Microglia are the resident immune cells of the brain, existing as the only macrophages in the brain parenchyma [7]. Microglia in the central nervous system support neurons and are important for cleanup of cellular debris, assistance with inflammatory responses, and pruning of synapses [8,9]. While microglia have been well studied in mice, rats, and humans, little is known about microglia in prairie voles [10].
Studies from the past three years have begun to investigate vole microglia but have focused on the effects of cohousing vs. isolation housing, not on the effects of pair bonding [11,12]. Isolated adult voles show differences in microgliosis when compared to cohoused voles, corresponding also to differences in depressive symptoms, neuronal activation and neurochemical expression [11]. These results were replicated in adolescent voles using a model of post-weaning isolation housing to demonstrate brain region specific changes in microglia density, an index of microgliosis [12]. However, no studies to date have investigated whether these results persist when comparing paired and unpaired voles.

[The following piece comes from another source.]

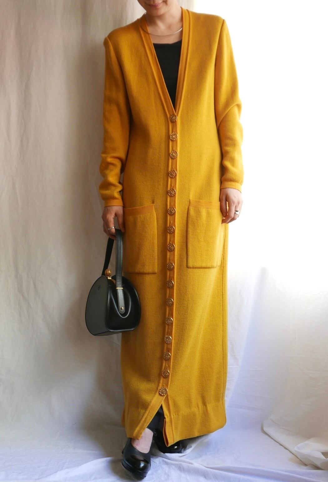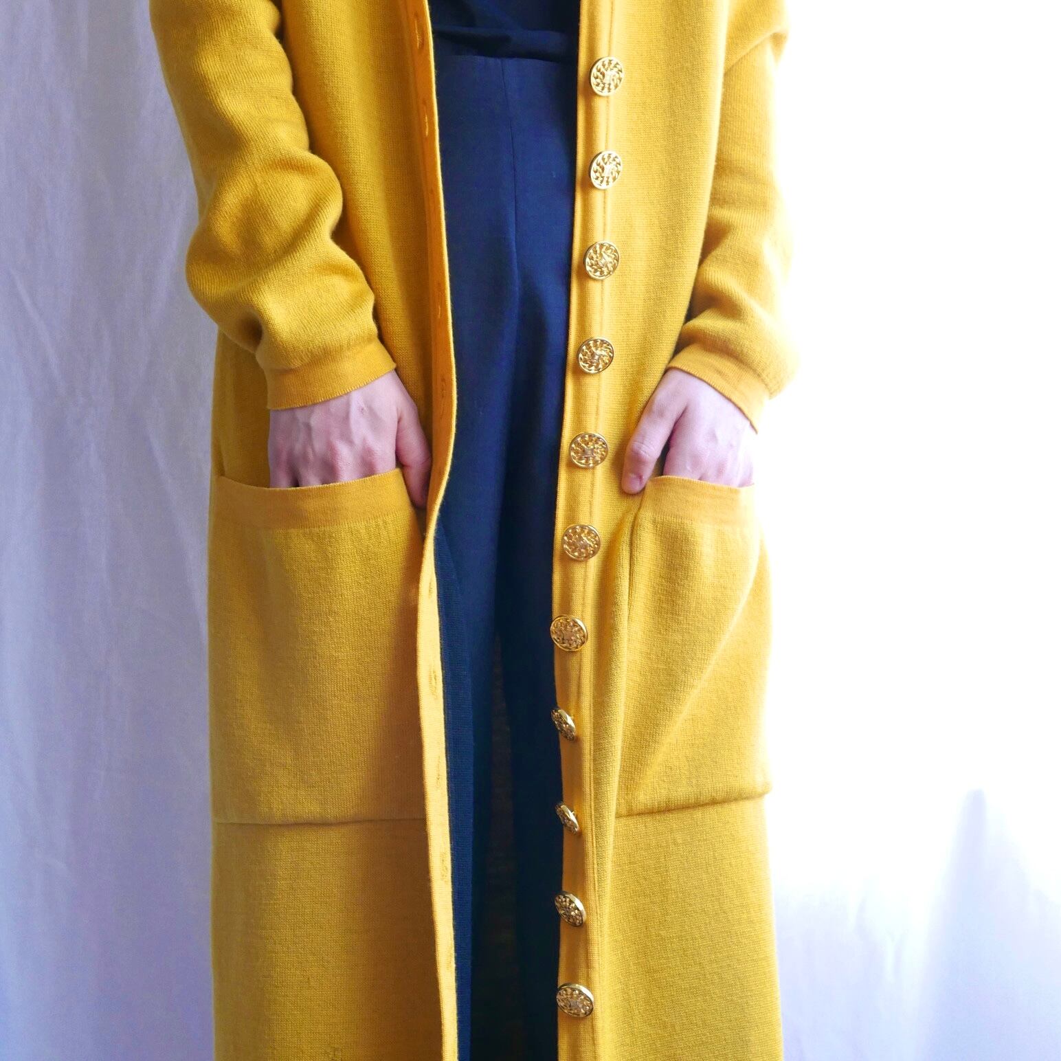 マカダムロゴのゴールドボタンが連続してレイアウトされたCELINEの超ロングニットコート、

Due to the lack of microglia research in prairie voles, findings from mouse, rat, and human postmortem research must be used to make predictions about prairie vole microglia histology [13]. Two basic classifications of microglia are homeostatic microglia and reactive microglia. Homeostatic microglia (often called “ramified”) are characterized by small triangular somas and many long, arborized processes. They function by contributing to several homeostatic functions such as surveillance, neurogenesis, and synapse monitoring and pruning [8,14]. In contrast, reactive microglia are characterized by larger, rounder somas with fewer and shorter processes [14]. Formerly referred to as “activated” microglia, reactive microglia are present during a brain’s inflammatory response and are localized in brain areas with high levels of inflammatory signaling. While the correlation between reduced branching and inflammation has long been assumed, a study by Madry et al. recently demonstrated a mechanistic link between reduced microglia branching and microglia cytokine release [15].

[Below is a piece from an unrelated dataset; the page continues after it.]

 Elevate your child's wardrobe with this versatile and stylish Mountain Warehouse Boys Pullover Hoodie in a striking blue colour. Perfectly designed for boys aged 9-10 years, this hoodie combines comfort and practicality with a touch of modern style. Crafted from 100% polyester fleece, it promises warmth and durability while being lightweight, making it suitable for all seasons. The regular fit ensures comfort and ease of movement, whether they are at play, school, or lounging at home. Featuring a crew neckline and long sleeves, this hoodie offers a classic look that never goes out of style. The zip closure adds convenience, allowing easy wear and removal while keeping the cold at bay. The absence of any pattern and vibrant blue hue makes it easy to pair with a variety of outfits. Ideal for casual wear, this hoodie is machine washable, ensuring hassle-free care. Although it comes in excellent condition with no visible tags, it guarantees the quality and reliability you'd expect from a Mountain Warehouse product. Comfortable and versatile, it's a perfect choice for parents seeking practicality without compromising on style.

At the intersection of microglia as an understudied cell type and prairie voles as a socially monogamous model species lies the potential role of microglia in disorders of social behavior. The neuroplasticity of vole brains during pair bonding marks the pair bond as a key developmental timepoint when changes to social behavior may occur [6,16]. Microglia are also hypothesized to play distinct functional roles in mediating social behaviors [17,18,19,20]. The present study commences at this intersection by comparing microglia in pair bonded prairie voles to microglia of unpaired prairie voles to elucidate microglia changes that occur in the presence of a biological pair bond.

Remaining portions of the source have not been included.